My mother delighted in simple, good things. When I was a teen I remember her sneaking up to her bedroom for a little solitude, a glass of brandy and a little dish of peanuts in hand, a book tucked under her arm. She’d say she was going upstairs to have her party before bed. On weekend mornings she’d make pancakes. She had a knack for turning the ordinary into something special. She would make a pancake shaped out of the first letter of our name, large and covering the whole plate and recognizable as my very own. Neighborhood kids would wait by the backdoor for their pancake, too. An L for Lenny, a J for Jimmy. I’ve stored away hundreds of food memories of my mother, and I pull them up often. Her cheesecake, her smile, her sly grin when she sneaks another piece.
Before my sister, Raissa, died a year ago, I flew out to stay with her in her home. It was the last weekend that I ever stayed in her house, the house that was a foundation for me—for all of our family—for so many years. This was the last weekend that I would ever see her home as it was, her home crowded with the beloved artifacts of her life. And beloved to us, too. We all knew every nook and cranny of that home so well. The family photos, the hundreds of books that lined the shelves, the afghans and dishes and vases and fireplace mantel and coffee mugs. I cried openly and loudly the night before I left, knowing that this would be the last time I would be in this space that was my second home. “My home is your home,” my sister always said to me. But the house would be sold and I would never have this as my second home again, and the next time I visited this town, my sister would be gone. I looked around feeling the shock, like a rug was being pulled out from under me, but it wasn’t just a rug. It was every precious thing in sight.
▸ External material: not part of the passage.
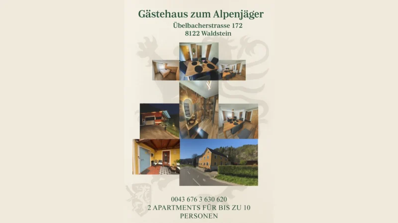 Hier siehst du eines der ersten Projekte von ImZenox.EU: das Werbeplakat für das Gästehaus zum Alpenjäger in Waldstein. Klare Typografie, warme Naturtöne und eine Bildcollage zeigen die Apartments und fassen alle wichtigen Infos – Adresse, Kapazität und Kontakt – auf einen Blick zusammen.
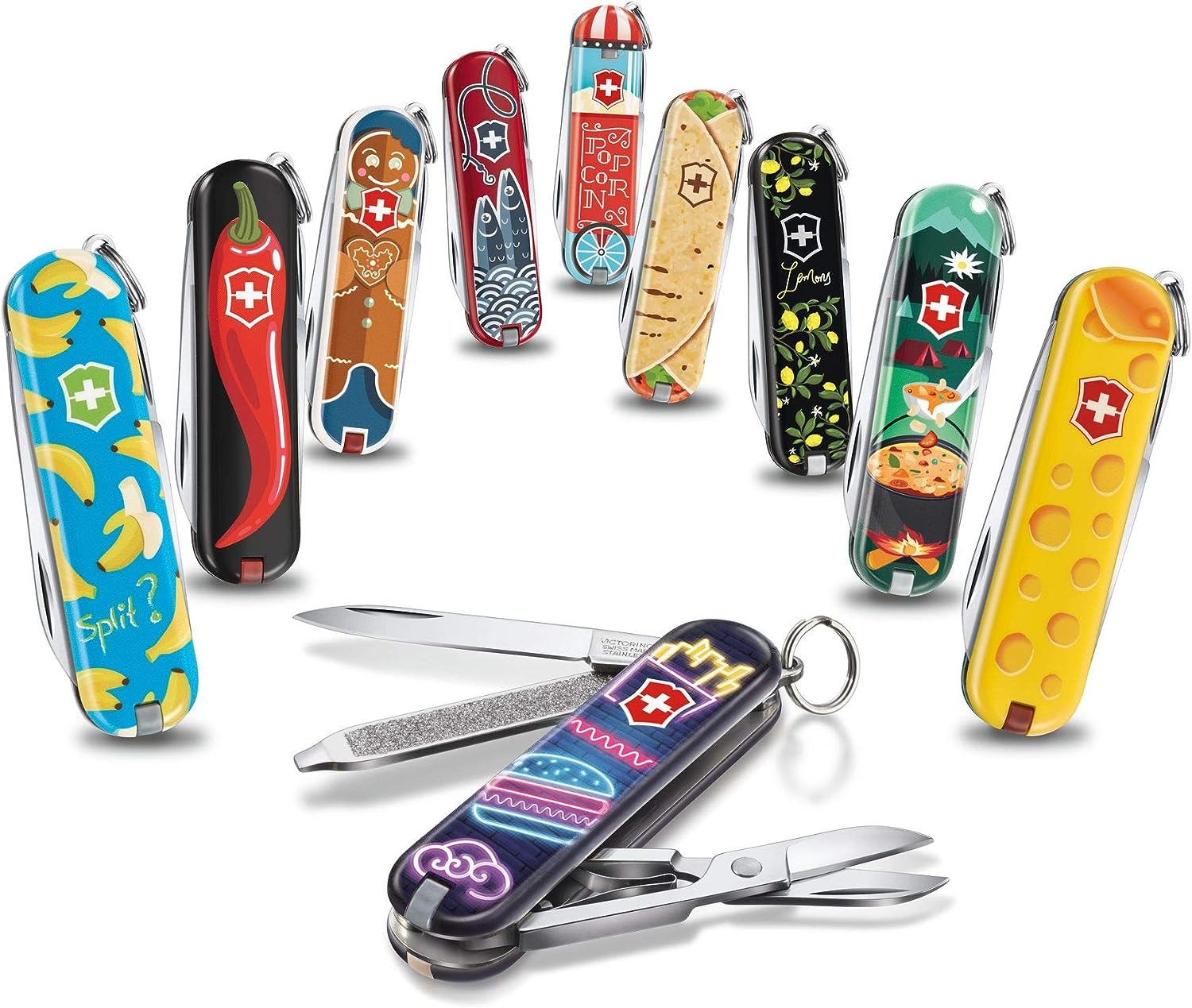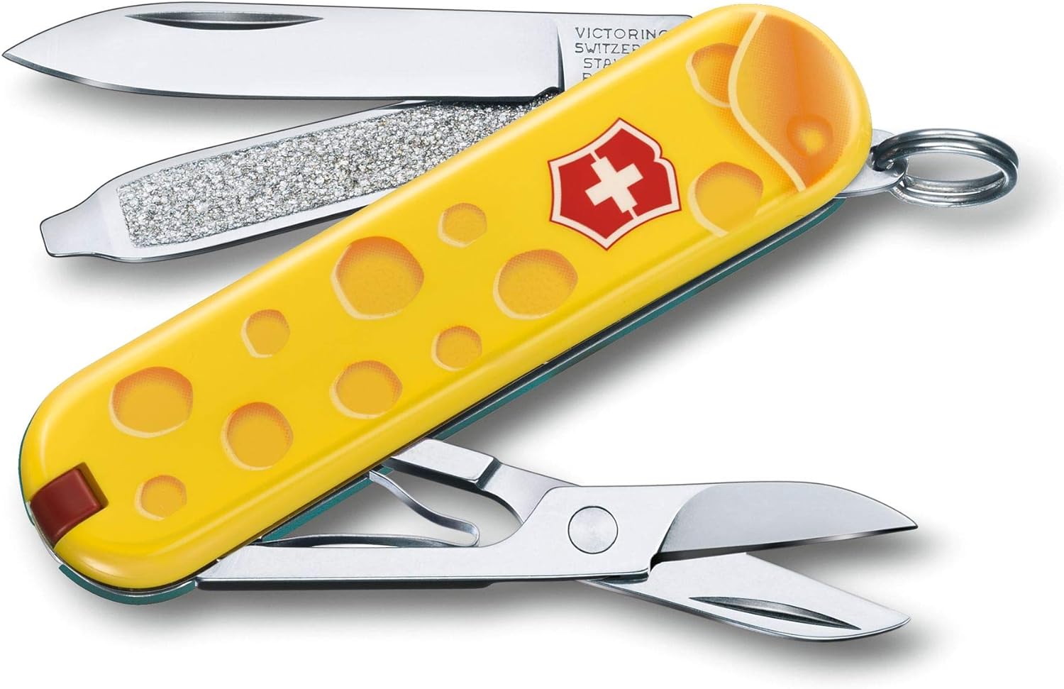 - Taschenmesser mit sieben Funktionen, hergestellt in der Schweiz: Klinge, klein; Schere, Nagelfeile; Schraubendreher 2,5 mm; Schlüsselanhänger; Zahnstocher; Pinzette

One morning during my last weekend with her she was sitting up in her chair reading her newspaper, as she did every day, and I asked her if she wanted some breakfast. She had hardly been eating, so I didn’t expect her to say yes, but she put the paper down in her lap and looked up at me and smiled and said yes. Feeling hungry made her look so healthy. So I went into her kitchen and made her toast and scrambled eggs, simple comfort food. Our father was the Scrambled Eggs King. He cooked them slow and steady, all throughout our growing up. It was his specialty, we all knew. So I made them the way Daddy made them, no recipe needed for the dashes of good humor and love. She ate them with such pleasure, like she had not eaten in a long time, smiling up at me in thanks. I was feeding her, like she had fed me for years and years. We fed each other. I know I added joy to her life—she told me how much she loved me every time we were together—and she was my personal cheerleader, cheering for me every single step of every single way. I will live the rest of my days with the gifts she gave, and the memory that I made her comfort food before her own long journey home.